A 36-year-old woman is examined for 6 weeks of left heel pain. She’s getting ready to run a half-marathon. What is the best course of action after a physical examination and radiograph?

Addressing the issue of stress fractures, particularly in the foot, this case study provides critical insights into the effective management of this common athletic injury.
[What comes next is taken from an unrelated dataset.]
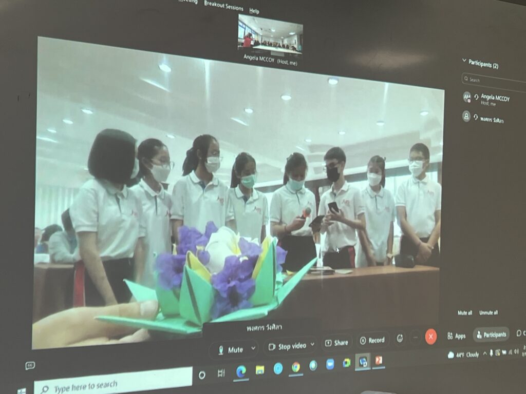 On Tuesday, December 7th, twenty-two Year 7 and Year 8 Asian Languages students enjoyed the exchange activities with Phayaopittayakhom sister school from Thailand through web conference. The Thai’s students showed how to make Krathong (floating lantern) and Thai dance movements for Loy Krathong Festivals and MRSHS students presented Margaret River and Districts Agricultural Show to their buddies.

Physicians are encouraged to delve into the nuances of treatment methods, their efficacy, and the determining factors for selection.

Key Points:

  • Stress fractures can occur commonly in the foot, specifically in the metatarsals, tarsals, and calcaneus.
  • Certain locations of stress fractures, such as the base of the second metatarsal, fifth metatarsal diaphysis, and medial malleolus, have a high risk of nonunion, warranting an orthopedic referral.
  • Calcaneal fractures pose a low risk for nonunion, and their management can include rest, crutches, a walking boot, and/or footwear padding to achieve pain-free ambulation.

Additional Points:

  • Follow-up radiography at 4 weeks can help document healing of the fracture.
  • Once a patient has no pain with provocative maneuvers and can ambulate without pain, activity can gradually be reintroduced.
  • Most patients with low-risk injuries can resume running in 8 to 12 weeks.


  • Protective devices such as a walking boot, leg splint, and hard-soled shoe can reduce forces on the fracture site, permitting pain-free ambulation and facilitating healing. Casting is typically not required for most stress fractures.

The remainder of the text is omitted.